In this, the final part of the series, we look at how the MBAM client and settings are deployed in the 2002 release of Configuration Manager.

Series Links
Goodbye MBAM – BitLocker Management in Configuration Manager – Part 1 (Server Components)
Goodbye MBAM – BitLocker Management in Configuration Manager – Part 2 (Portal Customisation)
Goodbye MBAM – BitLocker Management in Configuration Manager – Part 3 (Client Encryption)

The Agent & Policy Settings

As this is for the most part a straight port of the MBAM solution, we still need to deploy an MBAM client in order for the Windows 10 device to understand the settings being deployed and start the encryption process.

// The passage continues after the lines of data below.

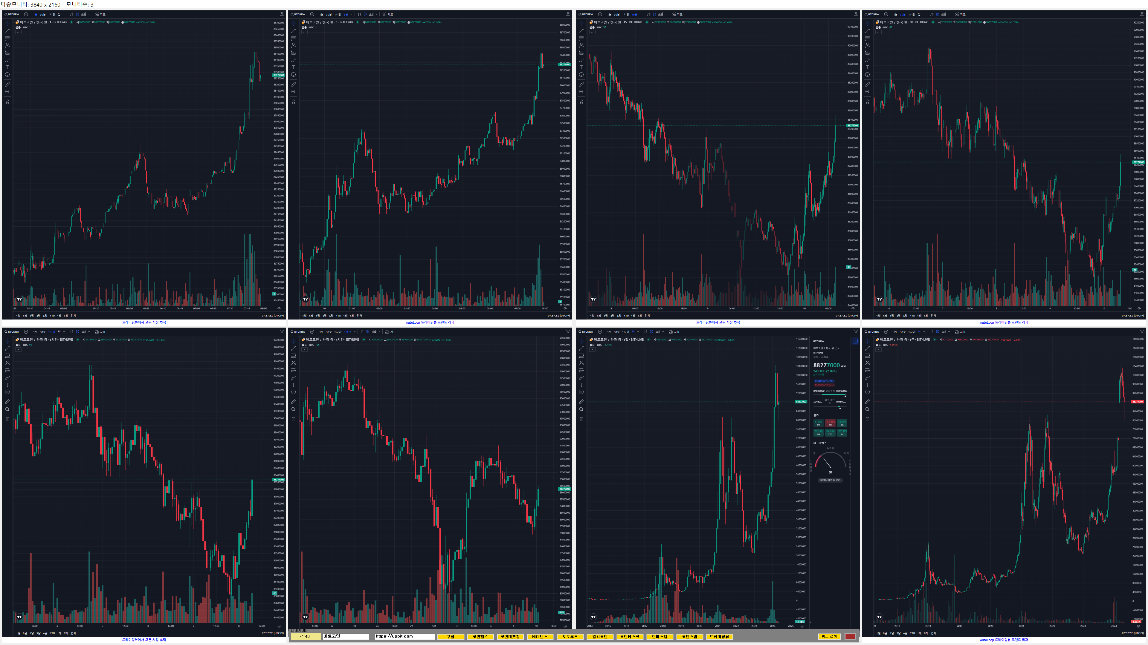 차트는 트레이딩뷰이며 해상도 1920 * 1080 이상 고해상도 사용시 8분할 차트지원합니다.Tested(3840*2160)
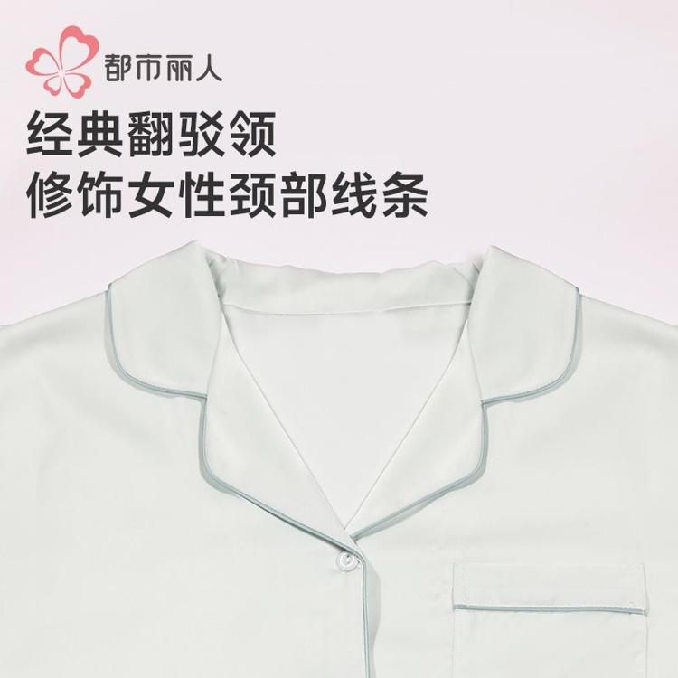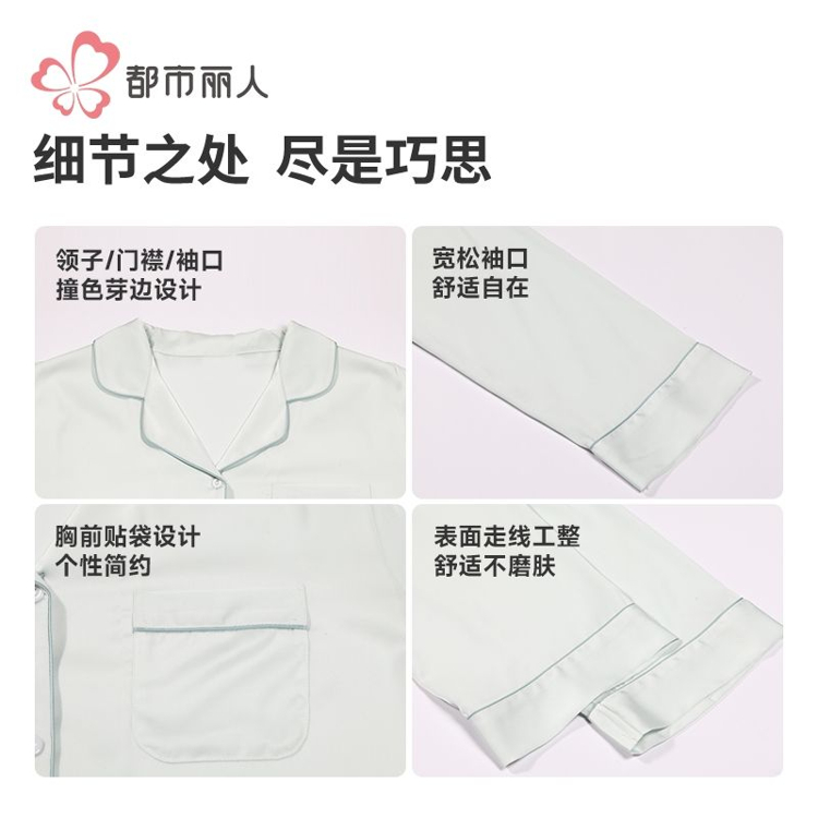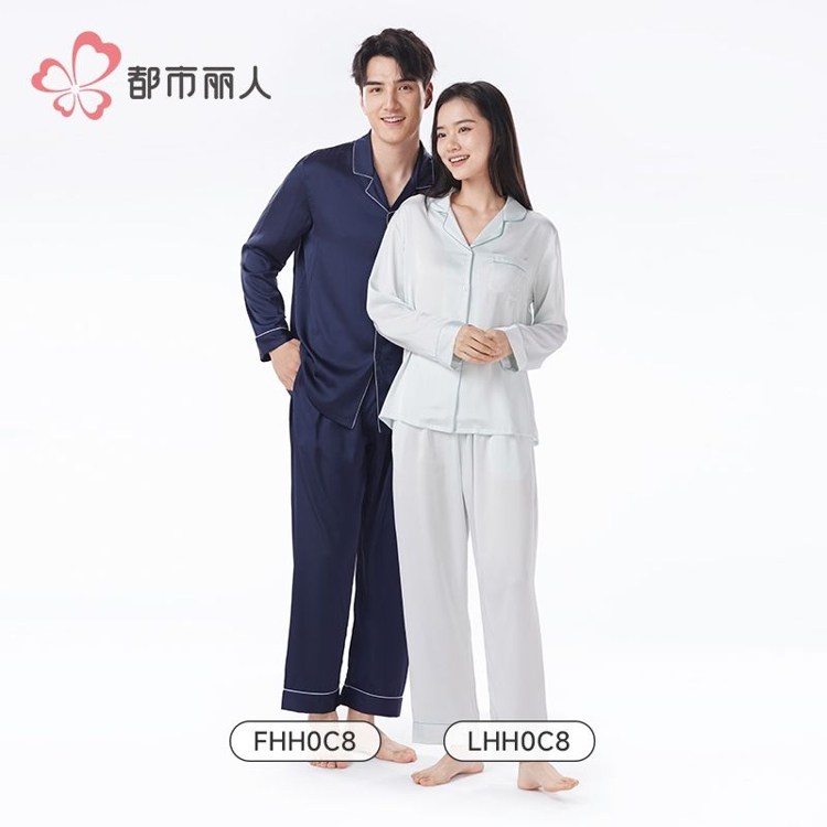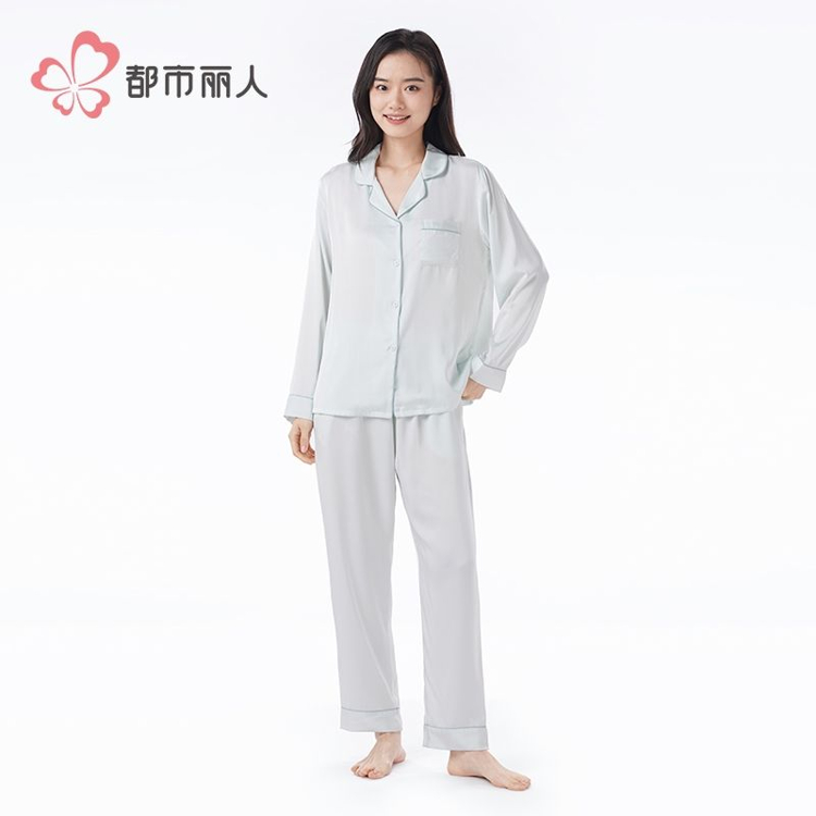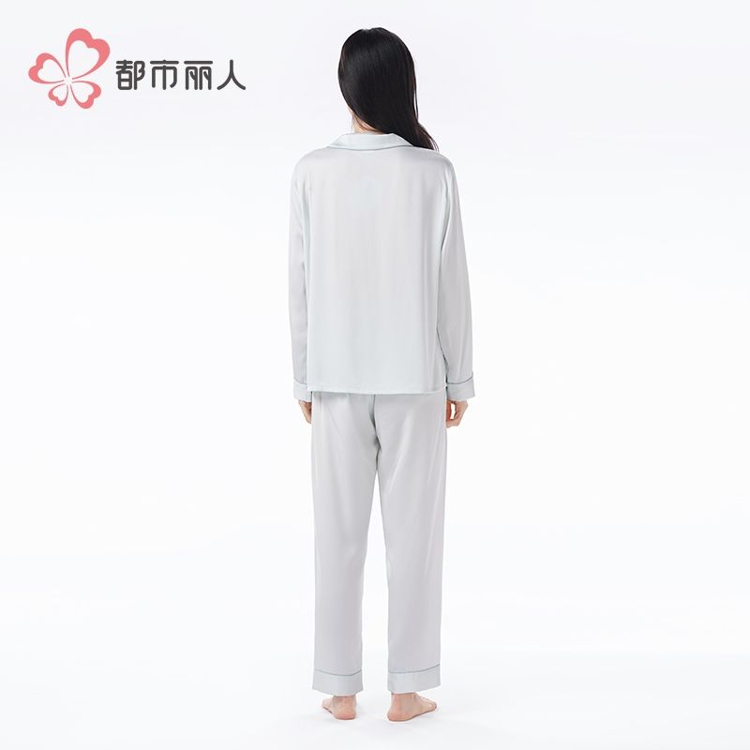 都市丽人女士睡衣女装冰雪丝睡衣女士家居服长袖长裤丝质套装LHH0C8
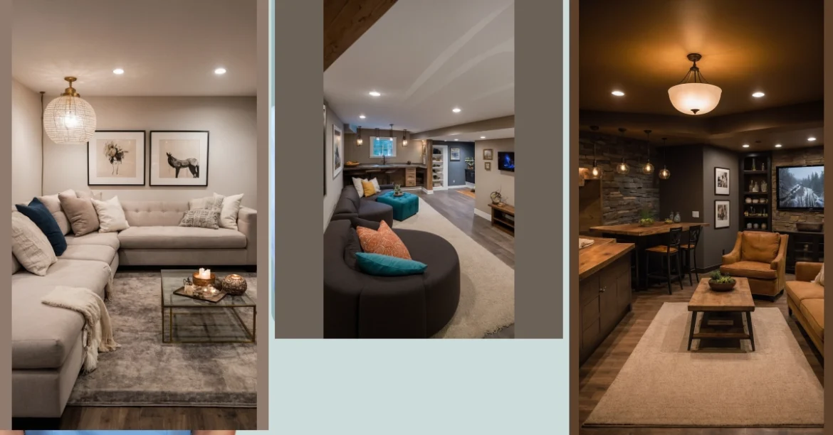 This isn’t your grandma’s dusty, forgotten basement where old exercise bikes go to retire. No, this cozy basement is basically a masterclass in “how to never leave your house again” chic! With that inviting, curved sofa practically begging you to sink in and those soft lights making everything glow, it’s so comfortable you might just start taking your calls from under a blanket fort down here. Good luck convincing anyone to come upstairs for dinner when this ultimate chill zone exists!
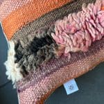 Prachtige handgemaakte kussenhoezen van vintage Berbe tapijt van wol met pluche motief. Hier worden vintage tapijten uit Marokko nieuw leven ingeblazen in een kussenhoes. De achterkant is van kiria-katoen.
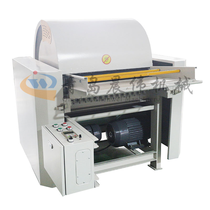 开松机:本机开松效果好,不易缠棉,产量高。把纤维、原料经喂入平帘输送至喂入罗拉,再由开松辊高速开松后,经输棉风机以适量的风量输送纤维原料供后道工作使用
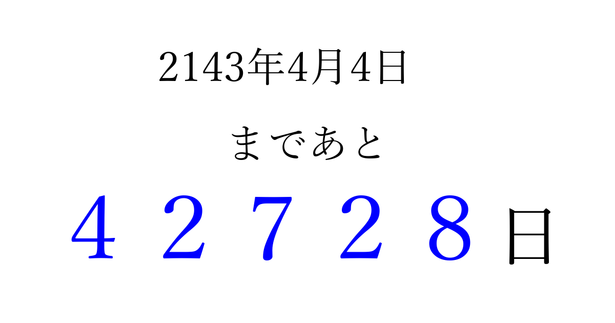 2143年4月4日(木)まで あと 99999 日です 追加すると、トップページからすぐ選べるようになります ※2026/04/09現在の結果です。 最新の状態に更新する ↓シェアして、タイムライン上にカウントダウンを表示しよう!↓ 📤 この結果を共有する Tweet シェア Threads Bluesky 別の日付でカウントダウン 2143年4月のカレンダー このページをブックマークに追加すると、いつでもカウントダウンを確認できます。 (PC: Ctrl+D / Mac: ⌘+D) hitome-notes.comでは以下のページも運営しています。 指定日と期間から日付を計算 | ガチャ確率計算・シミュレーション | プライバシー・ポリシー 運営者:Avocado
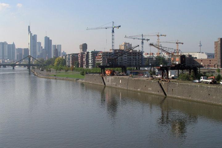 Wo vor einigen Jahren noch Schrottplätze und brachliegende Hafenanlagen das Mainuferbild prägten, schafften vor allem die Neugestaltungsmaßnahmen im Zuge der FIFA WM 2006 Vorbereitungen ein völlig neues Bild. Der für 2007 anstehende Neubau der Europäischen Zentralbank auf dem Gelände der ehemaligen Großmarkthalle beinhaltet die zwingende Forderung die Sanierung des Ostenddükers in 2006 fertig zu stellen, denn das Dükeroberhaupt (und damit der Dükerzugang) liegt im "Umgestaltungsbereich" der Europäischen Zentralbank.
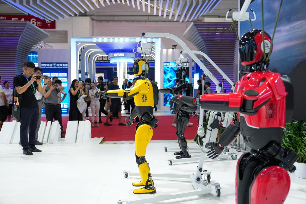 7月17日,在第三届链博会数字科技链展区,参观者观看人形机器人表演。新华社记者 鞠焕宗 摄
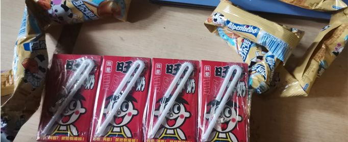 1、首先需要准备好一溜没有撕开的阿尔卑斯棒棒糖,和一排奶,可以说旺仔牛奶,也能是ad钙奶哦!
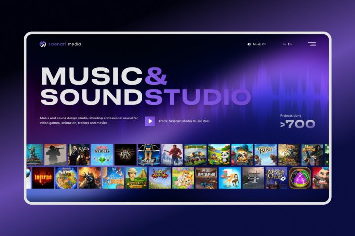 Дизайн сайта "Scienart Audio Draft" Программы для разработки: Figma, Adobe Photoshop. Выполнялась разработка дизайна. Многостраничный сайт.
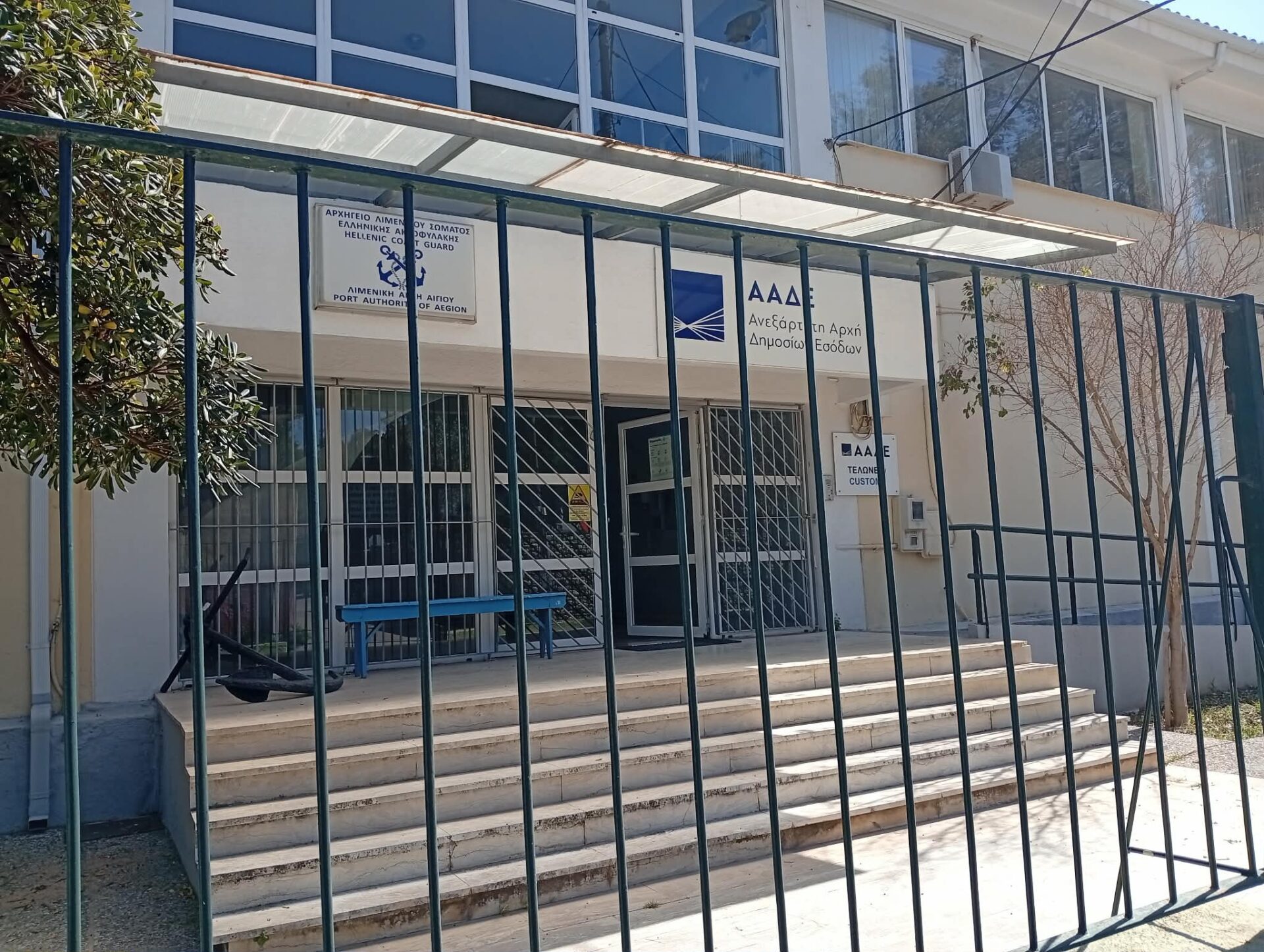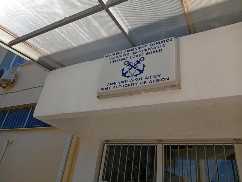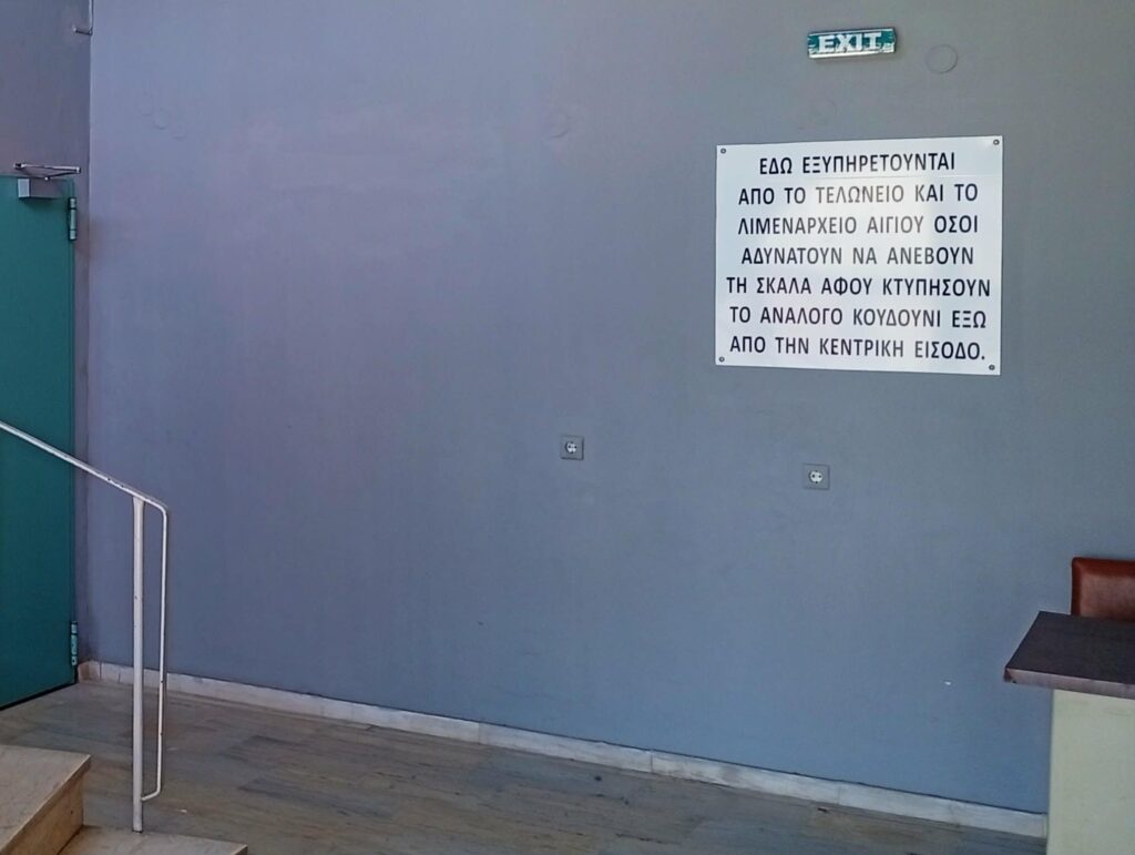 Στην είσοδο του κτιρίου που στεγάζει το Λιμεναρχείο και το Τελωνείο Αιγίου, μια πινακίδα στέκει εκεί για να υπενθυμίζει ότι το ελληνικό κράτος όταν αδυνατεί να προσφέρει τα αυτονόητα, επιστρατεύει το… χιούμορ του παραλόγου.

The first thing we need to do, is to set up a BitLocker policy as this controls the installation of the MBAM client. You will find the BitLocker policy in the Endpoint Protection settings in the Assets and Compliance blade;

So lets start with configuring a new policy

  • Open the BitLocker Management section in Endpoint Protection settings
  • Click on New Policy
  • Name your Policy

  • Click on Operating System Drive options and specify the type of encryption you wish to use, in this example we are using TPM only and XTS-AES256 bit encryption;

  • Click on Client Management, then enter your BitLocker key recovery options and status frequency in minutes;

  • Should you wish to specify settings for additional data drives or removable drives, do so accordingly
  • Now we can deploy the profile

  • Upon assignment of the policy, the Configuration Manager client will install the MDOP MBAM agent on the targeted machines, if not already installed. The agent is actually located within the %SYSTEMROOT%\CCM folder, as part of the updated client agent;

  • Once the agent is installed it will look for the BitLocker policy assigned to the device through Device Collection membership, and then pull down the configuration accordingly.
  • We can see this process taking place within the registry, by looking for a registry key starting in HKLM:\Software\Policies\Microsoft\FVE.
  • Once the agent is installed, the initial registry item settings are written in, as per default values;

  • After a few minutes, the additional policies set within your policy should also appear in a “MDOPBitLockerManagement” subfolder;

  • We can also check the Configuration Manager client agent to see that the settings are targeted and if the machine is compliant, by looking at the compliance tab;

Note: MBAM policies by default will enforce encryption after 90 minutes. Should you wish to speed this process up and enforce silent encryption immediately, you can simply create the following registry entries on your device either through a group policy preference or through a Configuration Baseline;

Registry Key Path: HKLM:\SOFTWARE\Policies\Microsoft\FVE\MDOPBitLockerManagement
Item Name: OSEnforcePolicyPeriod
Data Type: DWORD
Value: 0

Registry Key Path: HKLM:\SOFTWARE\Policies\Microsoft\FVE\MDOPBitLockerManagement
Item Name: UseOSEnforcePolicy
Data Type: DWORD
Value: 1

The Encryption Process

In the Applications and Services event logs we can look at the following log – Microsoft\Windows\MBAM. Here we will see the policies taking effect on the machine, along with the escrow status of the TPM and BitLocker recovery keys;

Task Sequence Deployment

For deployment of new systems, obviously we do not want to wait for device collection evaluation to run before the drive is encrypted. So the process of encryption here for those who have used MBAM, is almost identical, but for those who have not, let us step through this.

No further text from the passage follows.